Stored data
****************************************

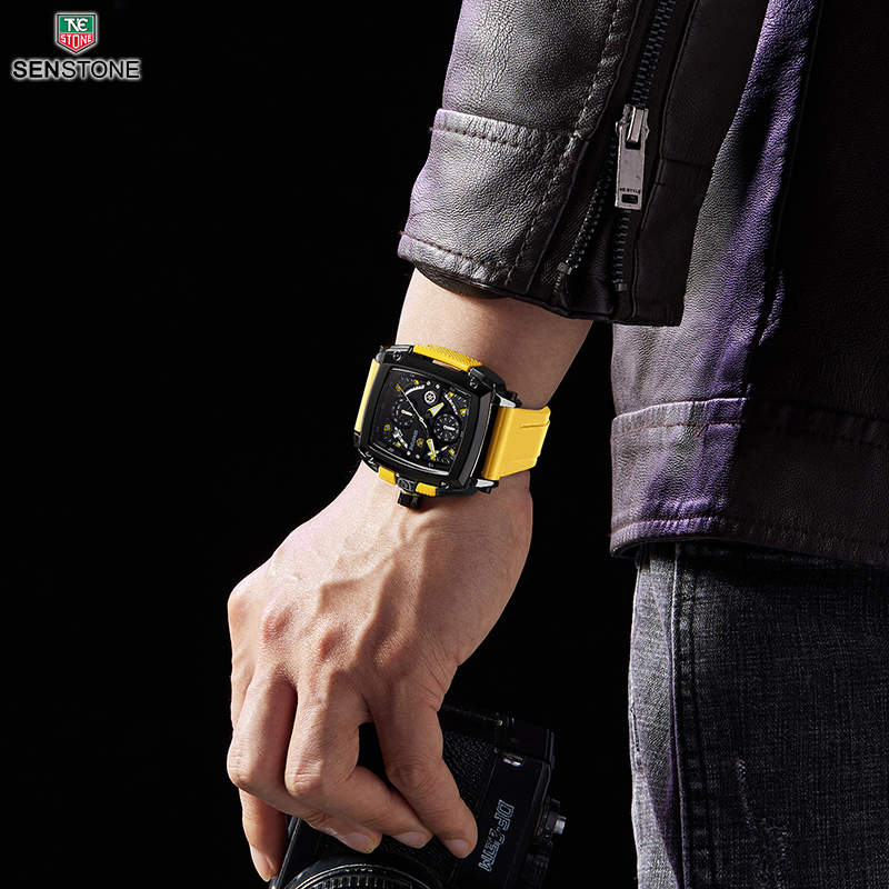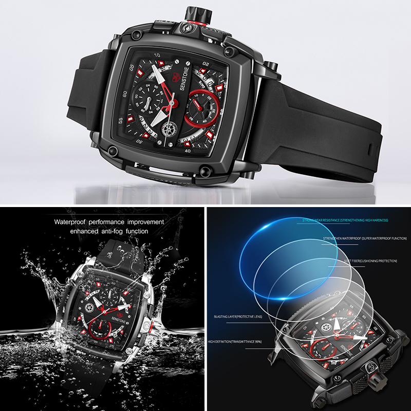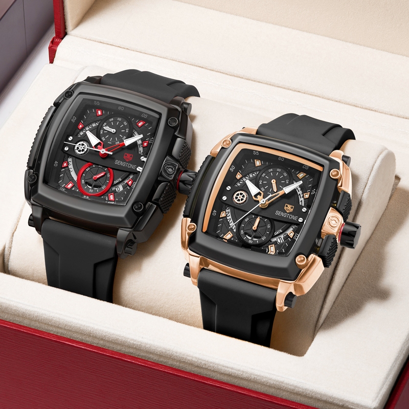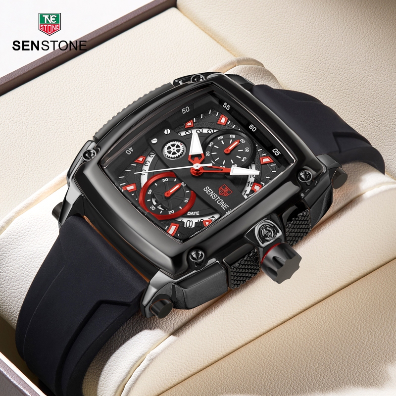 SENSTONE Jam Tangan PriaTerbaru Asli Anti Air Kalender Bercahaya Mewah Hitam Mewah Baja tahan karat Jam Pria Kotak Hadia
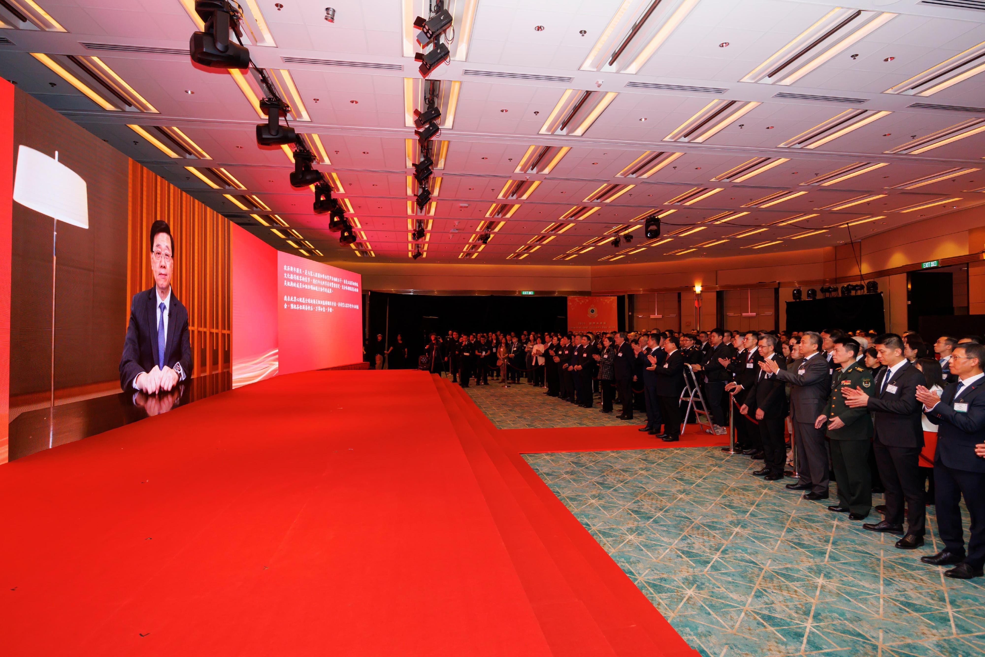 The Chief Executive, Mr John Lee, delivered a pre-recorded speech to express his appreciation for the unwavering dedication of Hong Kong Customs in shaping Hong Kong into a world city and trade hub. He emphasised that under the "one country, two systems" principle, Hong Kong enjoys both the China advantage and the global advantage. He expressed his confidence that Hong Kong Customs will continue to promote international co-operation and enhance Hong Kong's roles as a "super connector" and "super value-adder" between the Mainland and the world.
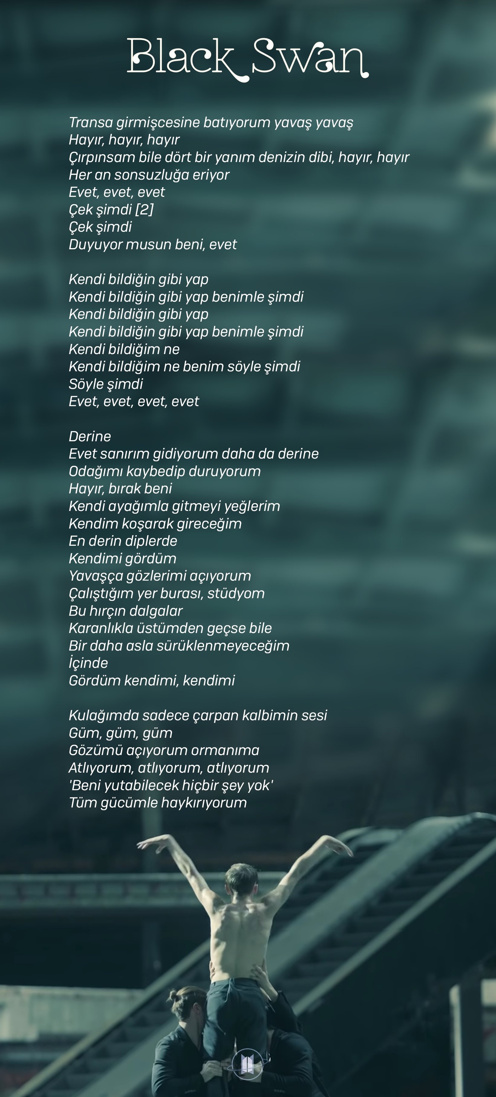 Lumpens tarafından çekilen klip ve RM tarafından ortaklaşa yazılan “Black Swan”, Amerikalı dansçı Martha Graham‘ın alıntılarından esinlenerek oluşturuldu. Şarkı, bir sanatçının artık sahnede dans edemeyeceği o anın korkusunu ifade ediyor.
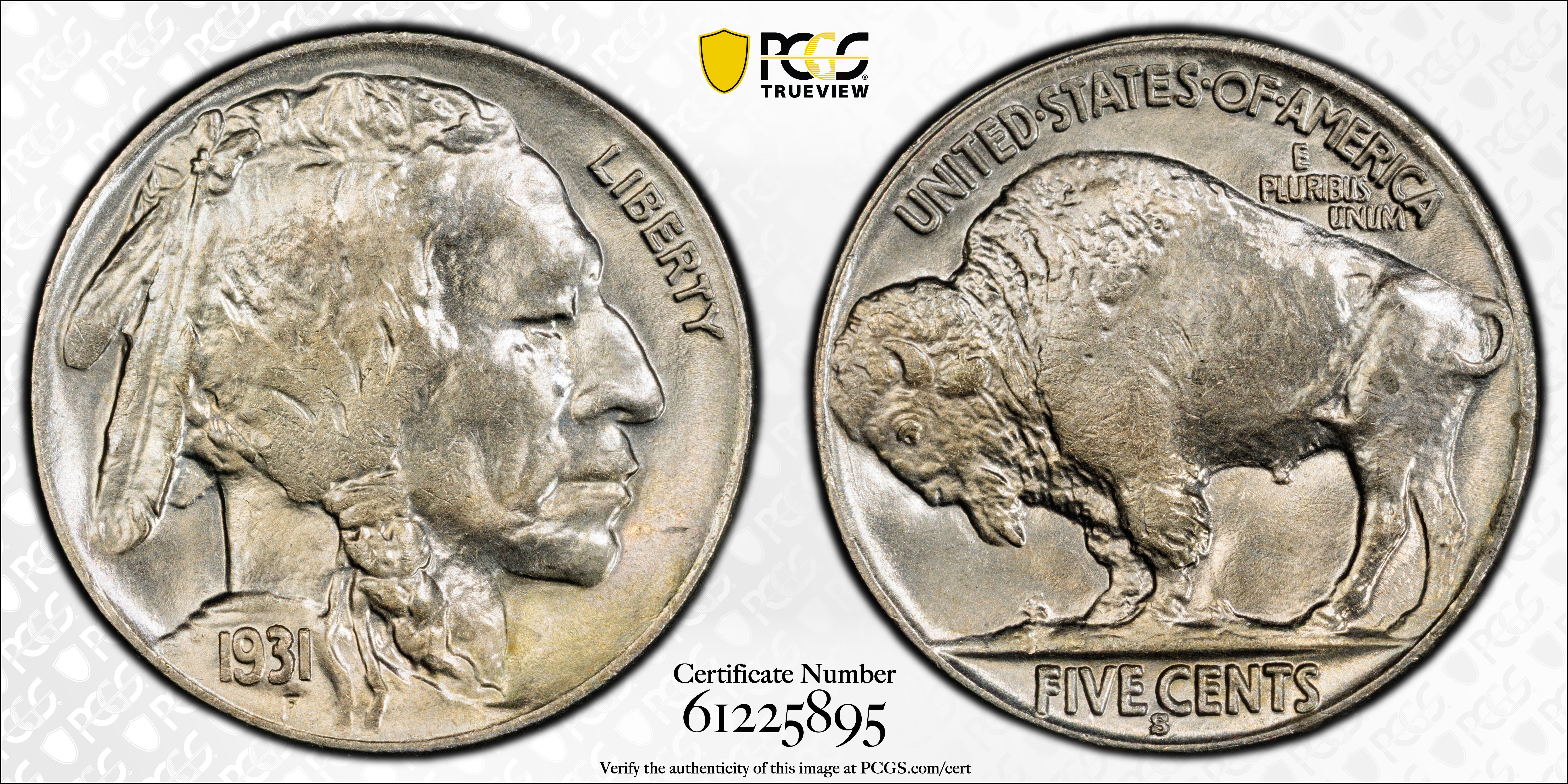 The 1931-S is a very interesting coin. The original mintage of 1,200,000 makes it the second lowest mintage Buffalo nickel, after the 1926-S (970,000 originally minted). But the 1931-S is rare in circulated grades but not that rare in mint state. By 1930, some pioneering dealers, such as PCGS CoinFacts Coin Dealer Hall of Fame member Wayte Raymond, had starting saving original uncirculated rolls of newly minted coins. Mintage was a big factor in the decision making process. The 1931-S Buffalo was such a low mintage that quite a few uncirculated specimens were put away in the year of issue. In fact, there may be more uncirculated examples in existence than circulated ones. (This low mintage saving phenominum was repeated years later with the 1950-D Jeffereson nickel, another issue that's rarer circulated than uncirculated.) The very late dates, i.e. the 1936-1938 issues, are much more plentiful in mint state than the 1931-S, but other than that, the 1931-S is just not that tough to find. The mint state survivors usually have a decent strike and luster can be quite frosty. Interestingly, while fairly common in Gem MS65, the 1931-S is somewhat scarce in MS66, and nearly impossible to find in MS67.
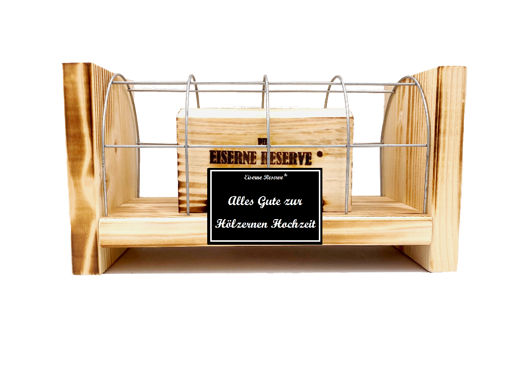 Alles Gute zur Hölzernen Hochzeit - Eiserne Reserve Gitterbox Geldgeschenk zur Hölzernen Hochzeit
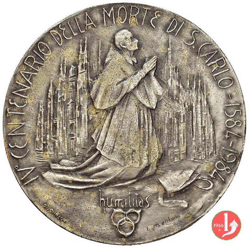 IV Centenario della morte 1984 Obverse: S. CARLO BORROMEO + 1584 + 1984 Il Santo orante verso dx in basso a dx: E. MANFRINI | |
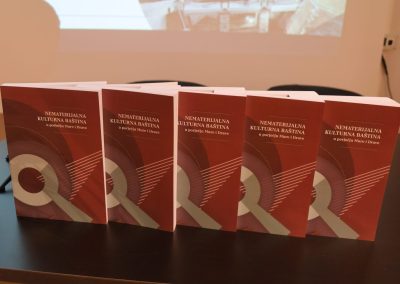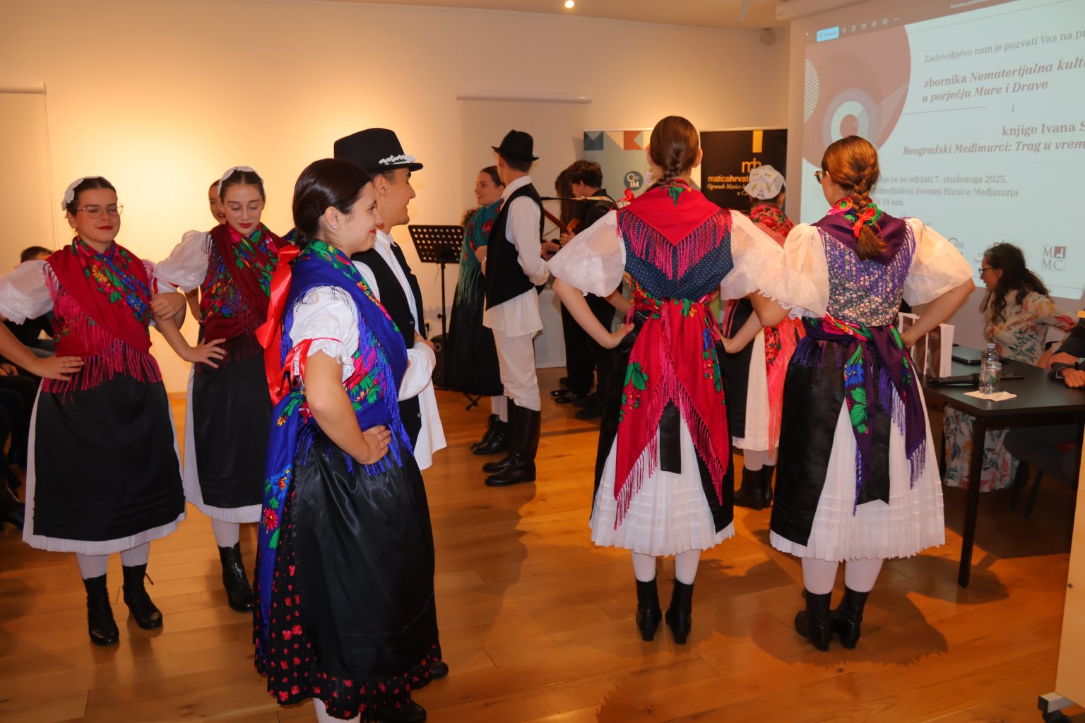 Prva predstavljena knjiga je zbornik „Nematerijalna kulturna baština u porječju Mure i Drave“, čija je urednica etnologinja Janja Kovač. Publikacija je nastala kao rezultat istoimenog međunarodnog znanstvenog skupa održanog krajem 2023. godine. O zborniku su govorili urednica Janja Kovač i Anđelko Vlašić. Zbornik donosi 14 stručnih članaka koji obrađuju temu nematerijalne kulturne baštine iz različitih perspektiva. Poseban naglasak stavljen je na ulogu institucija i udruga u promicanju tradicijskih praksi, načinima njihovog očuvanja kroz manifestacije, kao i ključnom elementu – prenošenju vještina s generacije na generaciju.
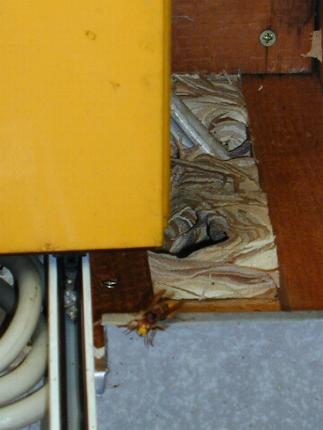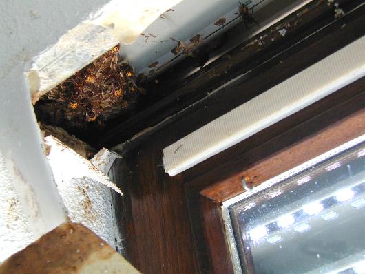 In einem Rollladenkasten In den meisten Fällen der Hornissenberatungen handelt es sich um Rollladennester. Sehr oft aber sind die Betroffenen bereit diese Nester zu dulden. Allerdings wird eine Umsiedlung in einigen wenigen Ausnahmen unumgänglich sein. Hier hatten sich z.B. die Hornissen durch den unteren Rollladendeckel durchgefressen.

****************************************

**REQUIRED WORK**
Transcribe the entries from their first line to the line that holds "The Chief Executive, Mr", both included, and skip every picture.

**THE ANSWER**
 SENSTONE Jam Tangan PriaTerbaru Asli Anti Air Kalender Bercahaya Mewah Hitam Mewah Baja tahan karat Jam Pria Kotak Hadia
 The Chief Executive, Mr John Lee, delivered a pre-recorded speech to express his appreciation for the unwavering dedication of Hong Kong Customs in shaping Hong Kong into a world city and trade hub. He emphasised that under the "one country, two systems" principle, Hong Kong enjoys both the China advantage and the global advantage. He expressed his confidence that Hong Kong Customs will continue to promote international co-operation and enhance Hong Kong's roles as a "super connector" and "super value-adder" between the Mainland and the world.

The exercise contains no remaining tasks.